Stored dataset items
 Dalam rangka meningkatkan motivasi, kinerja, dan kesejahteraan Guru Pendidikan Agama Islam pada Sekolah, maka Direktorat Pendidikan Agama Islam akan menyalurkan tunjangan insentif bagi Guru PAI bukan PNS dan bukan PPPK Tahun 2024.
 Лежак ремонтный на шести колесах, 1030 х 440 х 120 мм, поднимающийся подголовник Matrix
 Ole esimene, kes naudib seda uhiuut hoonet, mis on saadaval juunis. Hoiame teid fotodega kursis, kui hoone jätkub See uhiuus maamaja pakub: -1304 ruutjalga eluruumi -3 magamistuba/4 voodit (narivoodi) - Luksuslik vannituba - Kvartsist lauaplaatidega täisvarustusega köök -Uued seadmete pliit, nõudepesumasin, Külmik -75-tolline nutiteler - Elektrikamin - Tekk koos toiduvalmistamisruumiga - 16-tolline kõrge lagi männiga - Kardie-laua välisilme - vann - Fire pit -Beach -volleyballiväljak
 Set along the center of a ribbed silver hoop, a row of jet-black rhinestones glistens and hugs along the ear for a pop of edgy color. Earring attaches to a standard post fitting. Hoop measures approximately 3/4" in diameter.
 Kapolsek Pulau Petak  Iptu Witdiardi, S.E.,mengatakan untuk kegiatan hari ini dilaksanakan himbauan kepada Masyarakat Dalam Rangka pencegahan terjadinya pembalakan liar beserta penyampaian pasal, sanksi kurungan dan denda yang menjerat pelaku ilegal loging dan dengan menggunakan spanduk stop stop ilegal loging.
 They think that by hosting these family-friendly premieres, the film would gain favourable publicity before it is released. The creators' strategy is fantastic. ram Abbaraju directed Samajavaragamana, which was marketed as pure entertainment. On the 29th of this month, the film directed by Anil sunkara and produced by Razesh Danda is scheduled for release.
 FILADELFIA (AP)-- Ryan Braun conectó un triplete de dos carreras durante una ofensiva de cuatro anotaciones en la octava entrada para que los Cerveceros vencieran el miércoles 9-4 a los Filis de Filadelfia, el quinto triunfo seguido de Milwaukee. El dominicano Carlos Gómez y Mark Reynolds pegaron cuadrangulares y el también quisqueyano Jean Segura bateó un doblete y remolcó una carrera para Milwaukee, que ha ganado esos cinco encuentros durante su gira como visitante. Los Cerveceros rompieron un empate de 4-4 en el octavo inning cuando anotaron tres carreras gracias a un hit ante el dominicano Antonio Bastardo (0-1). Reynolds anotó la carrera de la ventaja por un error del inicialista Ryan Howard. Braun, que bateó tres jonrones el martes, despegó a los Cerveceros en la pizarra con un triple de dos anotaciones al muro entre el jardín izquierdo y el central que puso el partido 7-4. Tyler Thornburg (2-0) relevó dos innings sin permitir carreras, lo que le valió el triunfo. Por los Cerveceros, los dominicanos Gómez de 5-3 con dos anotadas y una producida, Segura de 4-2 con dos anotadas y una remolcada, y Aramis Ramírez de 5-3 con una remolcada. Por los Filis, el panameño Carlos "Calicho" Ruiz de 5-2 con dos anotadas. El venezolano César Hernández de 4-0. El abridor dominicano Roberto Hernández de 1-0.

EXERCISE REQUIREMENTS |
Across all the records, find the lines containing the word "Dalam" and reproduce each one.

TASK SOLUTION |
 Dalam rangka meningkatkan motivasi, kinerja, dan kesejahteraan Guru Pendidikan Agama Islam pada Sekolah, maka Direktorat Pendidikan Agama Islam akan menyalurkan tunjangan insentif bagi Guru PAI bukan PNS dan bukan PPPK Tahun 2024.
 Kapolsek Pulau Petak  Iptu Witdiardi, S.E.,mengatakan untuk kegiatan hari ini dilaksanakan himbauan kepada Masyarakat Dalam Rangka pencegahan terjadinya pembalakan liar beserta penyampaian pasal, sanksi kurungan dan denda yang menjerat pelaku ilegal loging dan dengan menggunakan spanduk stop stop ilegal loging.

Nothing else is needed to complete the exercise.